To: Jack Be Quick who wrote (31657)2/2/1999 2:57:00 PM
From: Neocon  Read Replies (1) | Respond to of 67261
 
I am unacquainted with the source, who is more intemperate than I think is proper, but I also am not quite getting your point. Of course a number of people hoped that the investigations would come to more than this, since they believed that there was more to find. So?

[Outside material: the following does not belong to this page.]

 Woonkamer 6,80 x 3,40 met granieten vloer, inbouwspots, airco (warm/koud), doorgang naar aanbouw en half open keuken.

To: Jack Be Quick who wrote (31657)2/2/1999 3:06:00 PM
From: Daniel Schuh  Read Replies (2) | Respond to of 67261
 
The Rule of Law nytimes.com

Meanwhile, just to annoy the Rule of Law bleaters and fans of Drudge, here's todays column from Anthony Lewis. He may be liberal, but he also has written respected books on constitutional matters. I think it's worth quoting in whole. The "Rule of Law" bleaters should note especially the bold part.

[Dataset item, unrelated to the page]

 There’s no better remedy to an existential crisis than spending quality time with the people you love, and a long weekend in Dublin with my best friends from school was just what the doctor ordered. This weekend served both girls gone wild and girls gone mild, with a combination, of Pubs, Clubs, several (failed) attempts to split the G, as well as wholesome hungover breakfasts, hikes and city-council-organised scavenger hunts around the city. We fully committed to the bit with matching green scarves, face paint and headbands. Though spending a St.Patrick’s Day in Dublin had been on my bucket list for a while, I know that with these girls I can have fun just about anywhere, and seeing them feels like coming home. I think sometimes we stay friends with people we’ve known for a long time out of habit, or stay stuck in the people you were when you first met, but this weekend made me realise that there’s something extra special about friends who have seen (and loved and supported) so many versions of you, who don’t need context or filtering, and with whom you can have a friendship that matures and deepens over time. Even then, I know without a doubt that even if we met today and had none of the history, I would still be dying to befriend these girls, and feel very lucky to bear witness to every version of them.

From the beginning, Republicans leading the effort to drive President Clinton from office have spoken of the need to sustain the rule of law. But the concerns of law, and of the Constitution, have repeatedly been put aside for partisan ends.

The latest example is the idea that the Senate adopt "findings of fact" about the President's behavior before it votes on the articles of impeachment. The "findings" would be, in one form of words or another, that the President lied and impeded justice.

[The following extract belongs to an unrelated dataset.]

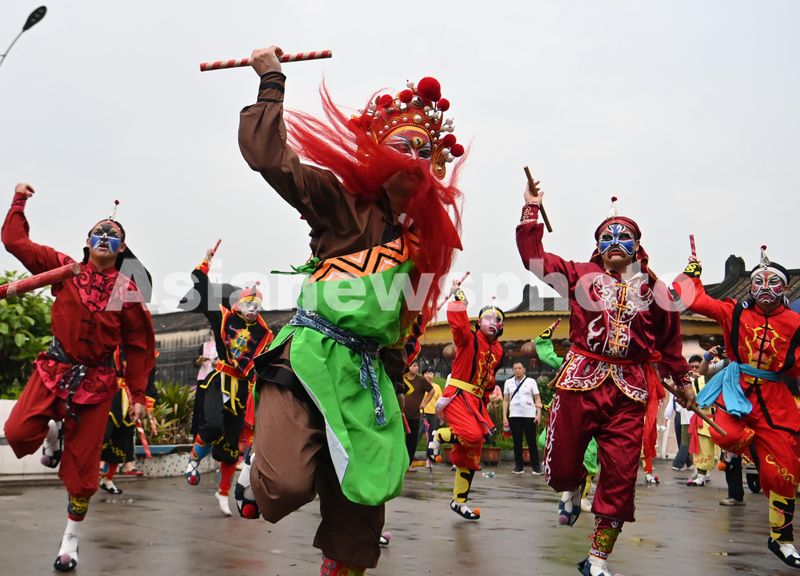 2024年4月23日,广东省揭阳市普宁市华溪村英歌舞表演队应游客邀请表演英歌舞,近40名男青年和少年脸上画着代表梁山好汉的脸谱,穿着色彩鲜艳的服饰,在村里的传统民居旁、老巷内演绎英歌舞。队员们粗犷多变的步伐与刚劲豪迈的动作令游客们赞叹不已,从中感受到英歌舞的独特魅力。

The idea has two great attractions for Republicans. Such findings, it is thought, would have more gravity -- and do more damage to Mr. Clinton -- than a censure resolution adopted after the Senate failed to convict on the impeachment articles. And, crucially, those who support the proposal say that only a simple majority instead of a two-thirds vote would be required.

But the very attractiveness of the idea politically shows why it is offensive constitutionally. The gravity of what was at stake led the Framers of the Constitution to require a two-thirds vote of the Senate to convict a President. This is essentially an attempt to evade that requirement.

George Will, the conservative commentator, gave the game away on the ABC television program "This Week." He spoke of a possible Senate resolution that "acknowledges, recognizes and accedes to the articles of impeachment."

That would amount to the Senate convicting President Clinton without removing him from office. But the Constitution says the President "shall be removed from office" on impeachment and conviction. Virtually no student of the Constitution thinks it allows a two-stage Senate process.

To try to get around the problem, some advocates of the idea that the Senate make findings of facts say they should not be phrased in legal terms. Senator Joseph Lieberman, Democrat of Connecticut, said he might be for a resolution if it did not "find guilt according to criminal law."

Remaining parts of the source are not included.